[Source data]
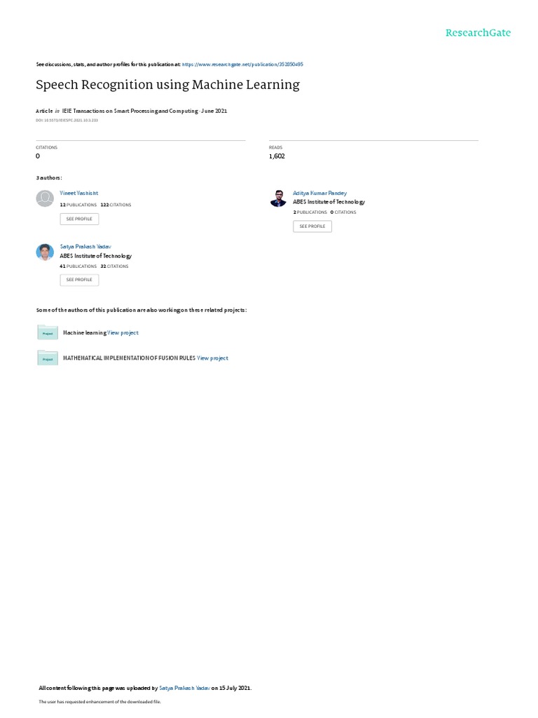 238 Vashisht et al.: Speech Recognition using Machine Learning
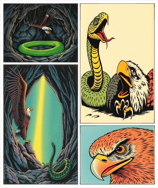 पहला फ्रेम: अँधेरी गुफा में साँप बैठा है। घायल बाज गिरता है। साँप: “यह क्या गिरा?” दूसरा फ्रेम: ...
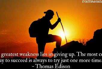 - “Our greatest weakness lies in giving up. The most certain way to succeed is always to try just one more time.” ~ Thomas Edison
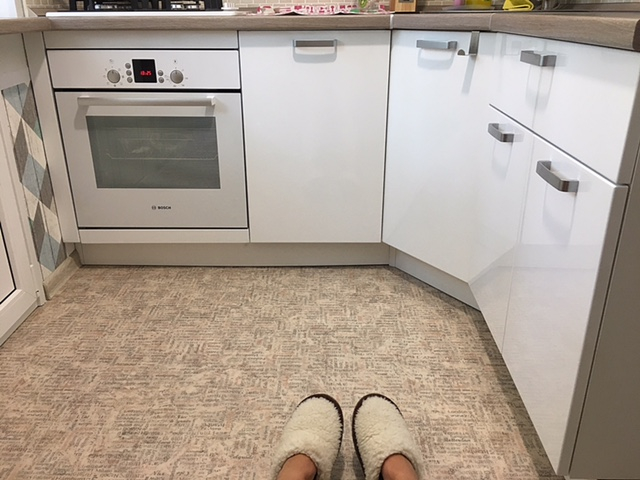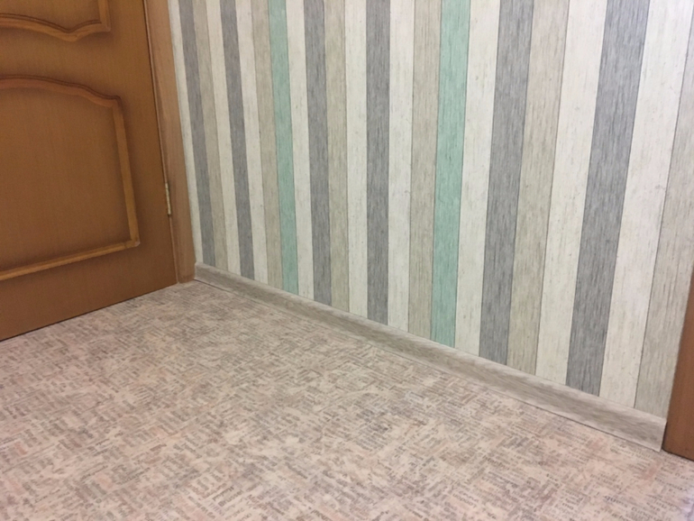 Полы менять мы не стали. Просто прибили фанеру. И положили линолеум. В кухне и коридоре один.
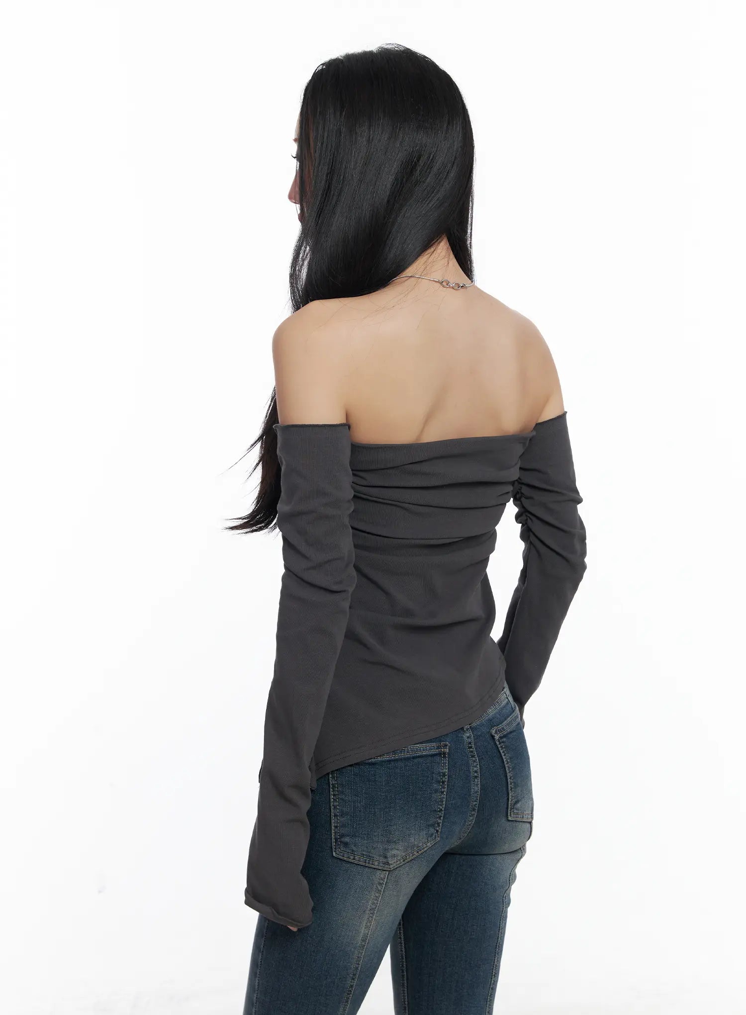 Elegant Off-Shoulder Shirred Top CJ515
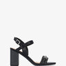 Sandały w kolorze czarnym, na kwadratowym obcasie. Fason z odkrytymi plecami i metalową klamrą na przednim pasku. Otwarte, zaokrąglone palce. Zapięcie na metalową klamrę wokół kostki i paski z boku. Obcas 8,5 cm dla małych rozmiarów od 32 do 35. Obcas 9,5 cm dla dużych rozmiarów od 42 do 45.
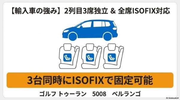 - 【輸入車】「ISOFIX 3台同時使用」ができる唯一の選択肢
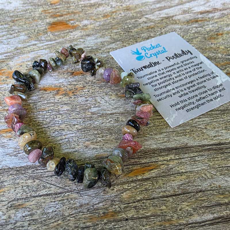 A beautiful bracelet featuring multicolour tourmaline crystal chip stones. There is nothing like wearing natural stone and these bracelets work perfectly on their own, or layered into beautiful stacks to create a more dramatic look.
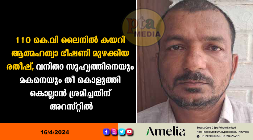 അടൂർ – ഓർമയില്ലേ ഈ രതീഷിനെ ? 110 കെ.വി. ലൈനിൽ കയറി കൈയിൽ പെട്രോൾ നിറച്ച കുപ്പിയുമായി ആത്മഹത്യാ ഭീഷണി മുഴക്കിയ ഈ പറക്കോട്ടുകാരനെ ? ഭാര്യയും ഉറ്റബന്ധുക്കളും വന്നു വിളിച്ചിട്ടും താഴെയിറങ്ങാൻ തയാറാകാതെ അർദ്ധരാത്രി ടവറിന് മുകളിൽ കയറിയിരുന്ന് വൈദ്യുതി മുടക്കുകയും പൊലീസിനെയും കെഎസഇബിയെയും വലയ്ക്കുകയും ചെയ്ത രതീഷ് അവസാനം താഴെ ഇറങ്ങാൻ തയാറായത് സുഹൃത്തായ യുവതി വന്നു വിളിച്ചപ്പോഴാണ്. ഇപ്പോൾ അതേ യുവതിയെയും മകനെയും പെട്രോൾ ഒഴിച്ച് ചുട്ടുകൊല്ലാൻ ശ്രമിച്ച കേസിൽ ഇപ്പോൾ രതീഷ് അകത്തായിരിക്കുകയാണ് !!

Task to complete. Pictures do not belong in the answer. Return the lines above starting at the one with "greatest weakness lies" and ending at the one with "Elegant Off-Shoulder Shirred Top CJ515", both kept, exactly.

Answer.
 - “Our greatest weakness lies in giving up. The most certain way to succeed is always to try just one more time.” ~ Thomas Edison
 Полы менять мы не стали. Просто прибили фанеру. И положили линолеум. В кухне и коридоре один.
 Elegant Off-Shoulder Shirred Top CJ515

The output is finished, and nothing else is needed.